:: GIVEN ENTRIES ::

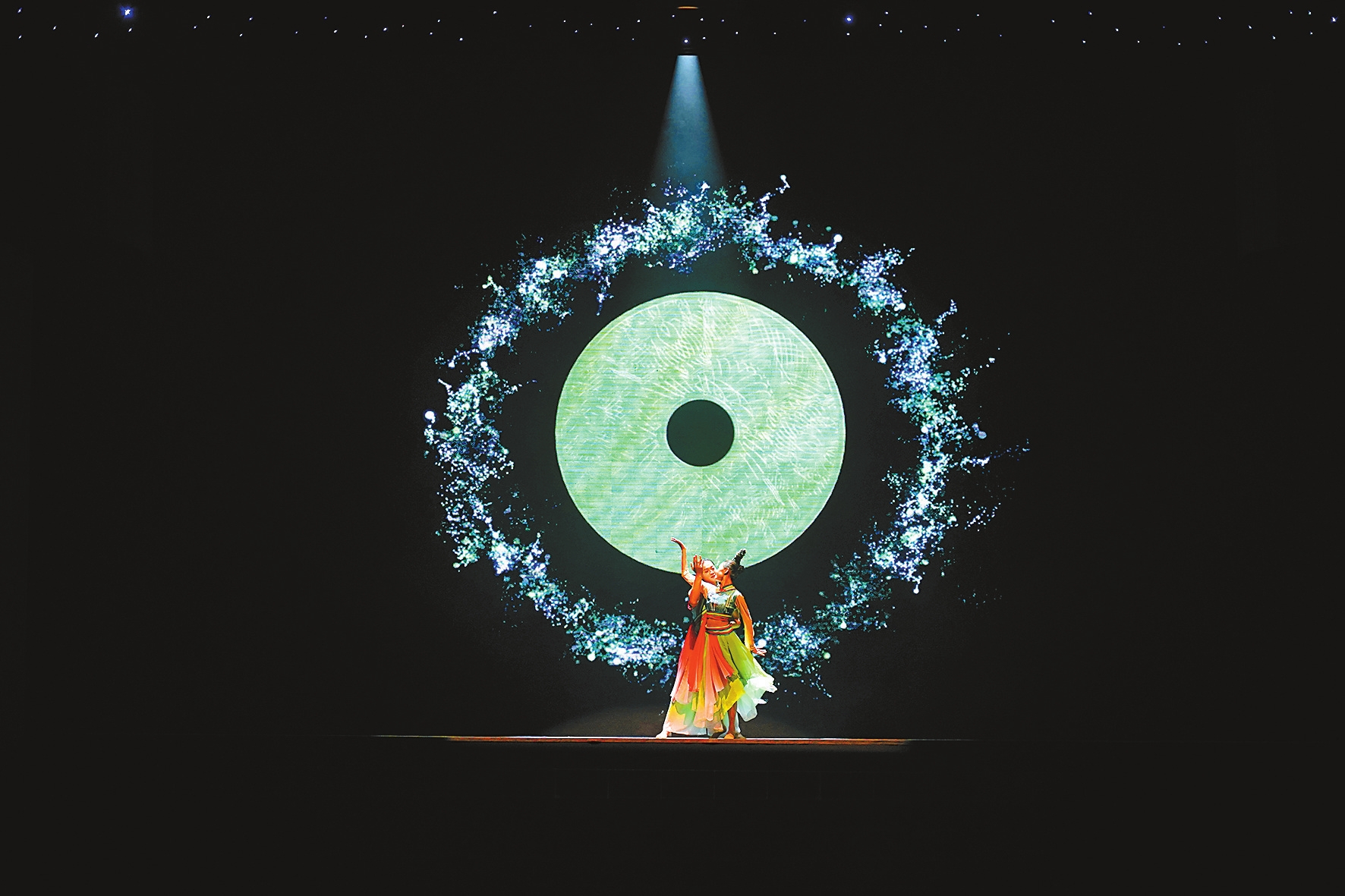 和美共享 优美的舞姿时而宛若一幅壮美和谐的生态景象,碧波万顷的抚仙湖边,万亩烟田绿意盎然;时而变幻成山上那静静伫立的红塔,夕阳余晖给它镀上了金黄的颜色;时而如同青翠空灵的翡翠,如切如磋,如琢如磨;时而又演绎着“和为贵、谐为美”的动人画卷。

:::
:: GIVEN ENTRIES ::

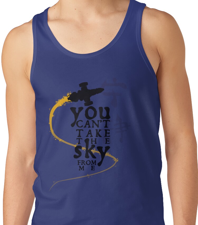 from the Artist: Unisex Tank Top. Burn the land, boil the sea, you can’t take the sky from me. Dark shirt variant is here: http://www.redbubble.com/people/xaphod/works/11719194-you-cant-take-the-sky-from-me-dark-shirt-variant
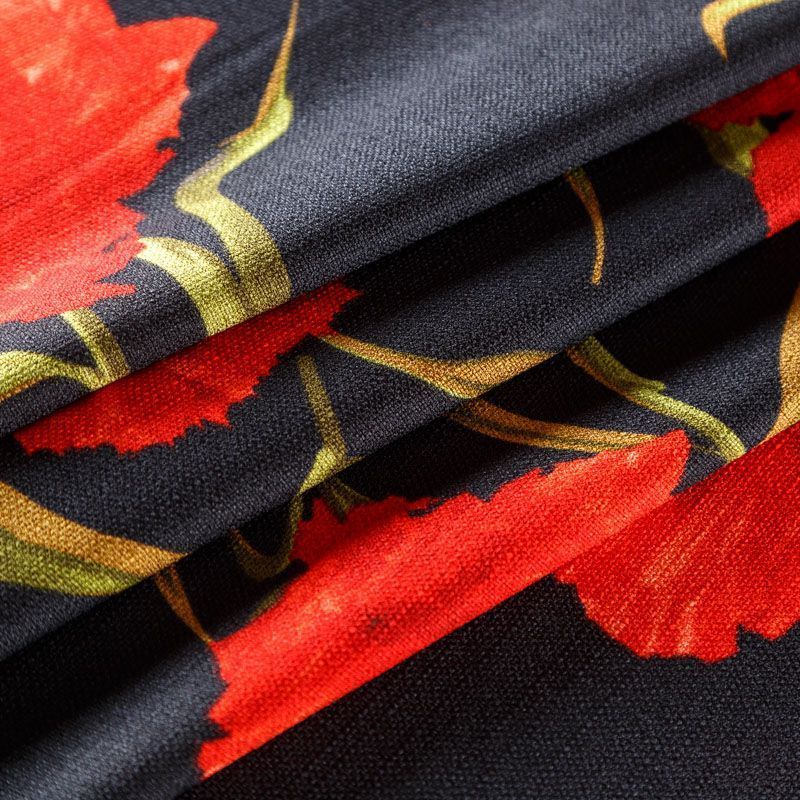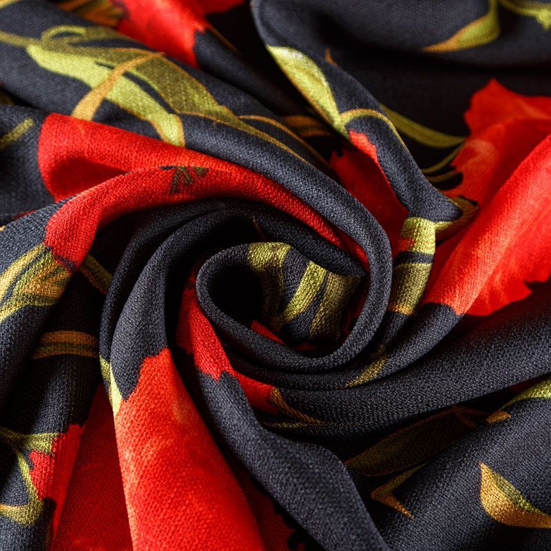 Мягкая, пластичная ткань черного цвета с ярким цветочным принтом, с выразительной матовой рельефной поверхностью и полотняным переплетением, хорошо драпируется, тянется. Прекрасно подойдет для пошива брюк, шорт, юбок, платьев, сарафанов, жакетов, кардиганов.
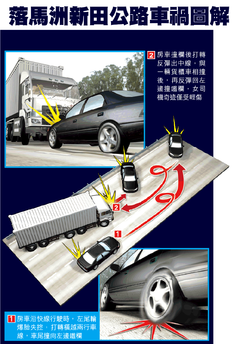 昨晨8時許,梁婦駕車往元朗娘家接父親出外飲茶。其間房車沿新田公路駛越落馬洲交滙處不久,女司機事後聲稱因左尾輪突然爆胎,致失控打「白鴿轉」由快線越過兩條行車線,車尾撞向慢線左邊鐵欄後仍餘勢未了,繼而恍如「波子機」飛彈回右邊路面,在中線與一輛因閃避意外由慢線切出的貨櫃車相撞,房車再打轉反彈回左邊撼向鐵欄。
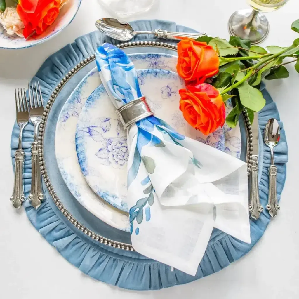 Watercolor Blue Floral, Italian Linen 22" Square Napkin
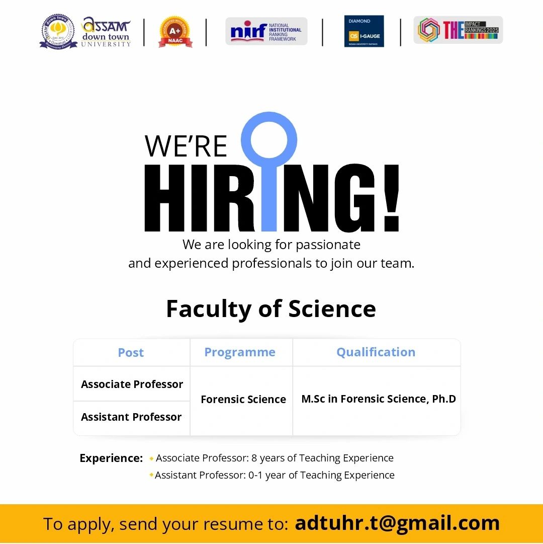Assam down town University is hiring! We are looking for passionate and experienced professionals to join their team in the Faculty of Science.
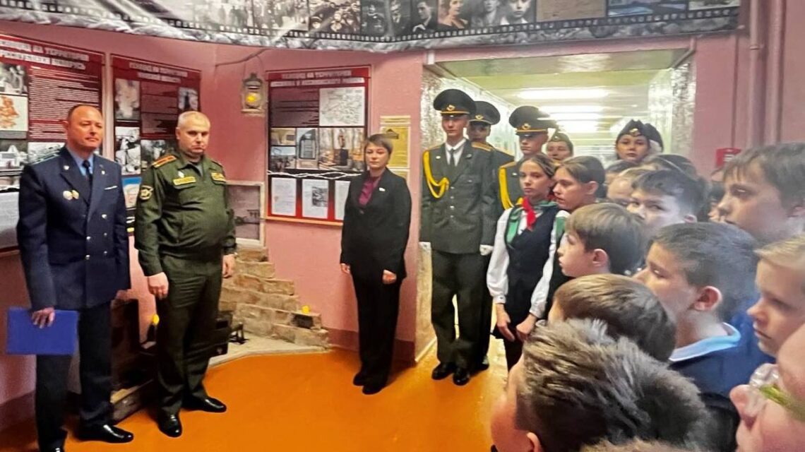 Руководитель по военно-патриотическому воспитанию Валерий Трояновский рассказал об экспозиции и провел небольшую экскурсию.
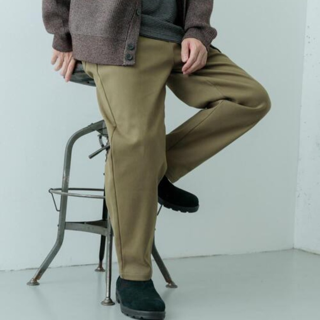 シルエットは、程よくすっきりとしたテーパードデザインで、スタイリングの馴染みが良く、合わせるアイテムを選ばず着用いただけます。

:::

## [AIM OF THE TASK]
Using the data above, give again exactly the lines starting at the one holding "Мягкая, пластичная ткань" and ending at the one holding "Watercolor Blue Floral, Italian", inclusive, and nothing more. Omit the pictures.

## [RESULT BELOW]
 Мягкая, пластичная ткань черного цвета с ярким цветочным принтом, с выразительной матовой рельефной поверхностью и полотняным переплетением, хорошо драпируется, тянется. Прекрасно подойдет для пошива брюк, шорт, юбок, платьев, сарафанов, жакетов, кардиганов.
 昨晨8時許,梁婦駕車往元朗娘家接父親出外飲茶。其間房車沿新田公路駛越落馬洲交滙處不久,女司機事後聲稱因左尾輪突然爆胎,致失控打「白鴿轉」由快線越過兩條行車線,車尾撞向慢線左邊鐵欄後仍餘勢未了,繼而恍如「波子機」飛彈回右邊路面,在中線與一輛因閃避意外由慢線切出的貨櫃車相撞,房車再打轉反彈回左邊撼向鐵欄。
 Watercolor Blue Floral, Italian Linen 22" Square Napkin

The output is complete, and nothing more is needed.